About this exercise =>
Would you please return the lines of the entries below starting at the line that has "- A sunflower" and ending at the line that has "On June 13, 2015, Asi, referring", both included, exactly as they are?

Supplied information =>
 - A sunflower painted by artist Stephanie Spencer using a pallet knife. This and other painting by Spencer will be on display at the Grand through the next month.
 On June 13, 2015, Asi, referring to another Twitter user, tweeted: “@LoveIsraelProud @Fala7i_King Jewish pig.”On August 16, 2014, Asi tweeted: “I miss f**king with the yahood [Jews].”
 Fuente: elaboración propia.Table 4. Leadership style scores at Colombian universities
--
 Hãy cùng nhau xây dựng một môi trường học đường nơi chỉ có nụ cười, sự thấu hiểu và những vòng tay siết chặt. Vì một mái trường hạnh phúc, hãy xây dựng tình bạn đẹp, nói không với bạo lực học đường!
--
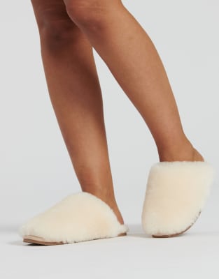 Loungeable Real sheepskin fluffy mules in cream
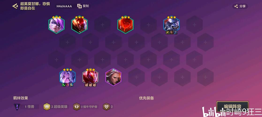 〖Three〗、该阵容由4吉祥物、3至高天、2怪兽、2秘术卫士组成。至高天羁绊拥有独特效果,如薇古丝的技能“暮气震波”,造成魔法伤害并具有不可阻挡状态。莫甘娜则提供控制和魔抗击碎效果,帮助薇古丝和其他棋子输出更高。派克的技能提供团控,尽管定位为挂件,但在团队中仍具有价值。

Your solution =>
 - A sunflower painted by artist Stephanie Spencer using a pallet knife. This and other painting by Spencer will be on display at the Grand through the next month.
 On June 13, 2015, Asi, referring to another Twitter user, tweeted: “@LoveIsraelProud @Fala7i_King Jewish pig.”On August 16, 2014, Asi tweeted: “I miss f**king with the yahood [Jews].”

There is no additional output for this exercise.